Per-Epic Requirements
The epic is not just a container for its children. It carries two standing
elements of its own, and they are the reason a breakdown can be trusted to be
complete. Skipping them is how a parent gets closed while its actual scope is
still unbuilt.
Motivating failure (real, 2026-05-29 [reported by the user]): epic
cake-ta5.1 was a refactor to "extract the seams" from a large module. The
breakdown produced ~50 child tasks, one per per-source handler function. The
epic's own description named create_parser / argparse setup (≈1,867 LOC) as a
seam to extract — but no child task covered it. All ~50 children were closed, so
the epic looked done; the largest named seam was never touched.

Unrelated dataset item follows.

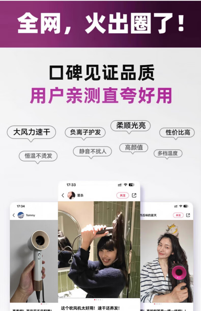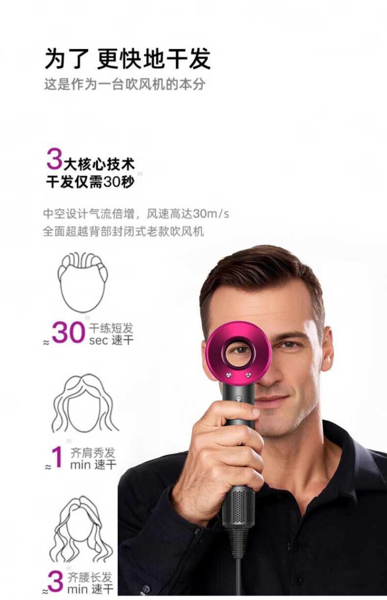 DIKTT German bladeless high-speed hair dryer for home use, silent, high-power, non-harming, constant temperature hair dryer, Huaqiangbei quick-drying baby barber shop hair salon hair dryer, rose red, single nozzle, 3 billion negative ions, 520 Valentine's Day gift

Child-closure
masqueraded as parent-completion, and only a human caught it.
A. Epic done-bar (Outcome Format, independent of children)
The epic must have its own acceptance criterion in the same outcome format as a
task — "Done when [real-world state], not when [false proxy]" — and its
"not when" clause MUST be the literal trap that bit cake-ta5.1:
"Done when [the epic's whole stated scope is delivered and its own oracle
passes], not when all child tasks are closed."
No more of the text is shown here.